Si l’informatique « à la papa », celle des bons vieux programmes Cobol qui automatisaient les fiches de paie, semble dominée par le paradigme du contrôle, de l’absence de créativité ou de l’ambiguïté, cela fait bien longtemps maintenant que les informaticiens ont compris que le caractère rigoureux de la programmation informatique n’interdit pas pour autant la surprise ! De fait, l’ordinateur est depuis bien longtemps l’outil favori des explorateurs de la complexité.

Un article de Rémi Sussan
Illustrations © Mondocourau.com

Qu’est-ce que la complexité ?

Mais d’abord, la complexité qu’est-ce que c’est ? Difficile à dire, car il en existe plusieurs définitions, chacune liée à une théorie particulière. Si par exemple vous référez au chaos, vous définirez la complexité comme la sensibilité extrême aux conditions initiales : autrement dit, pour employer la fameuse expression, c’est ce battement d’ailes de papillon à Melbourne qui finit par déclencher un ouragan à Montréal. D’autres – en s’inspirant des mathématiques fractales – vous diront que la complexité est produite au sein de systèmes autosimilaires (composés de versions d’eux-mêmes). Les adeptes de la théorie des réseaux vous parleront des petits mondes, de l’importance des liens « faibles », de la connectivité d’un système, etc.

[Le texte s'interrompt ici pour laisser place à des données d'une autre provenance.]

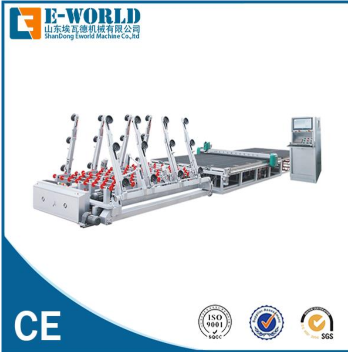
2.4 半自动玻璃切割机 semi-automatic glass cutting machine

Mais la meilleure définition de la complexité, la plus simple, c’est peut-être de dire que le tout diffère de la somme des parties. Lorsque plusieurs éléments d’un système s’associent, des phénomènes imprévus se produisent : on parle alors d’« émergence ».

Il est difficile de prédire l’émergence, mais relativement aisé de la produire. La grande question du prochain siècle sera peut-être de savoir si générer « virtuellement » de l’émergence nous aide à mieux comprendre l’émergence dans le monde réel.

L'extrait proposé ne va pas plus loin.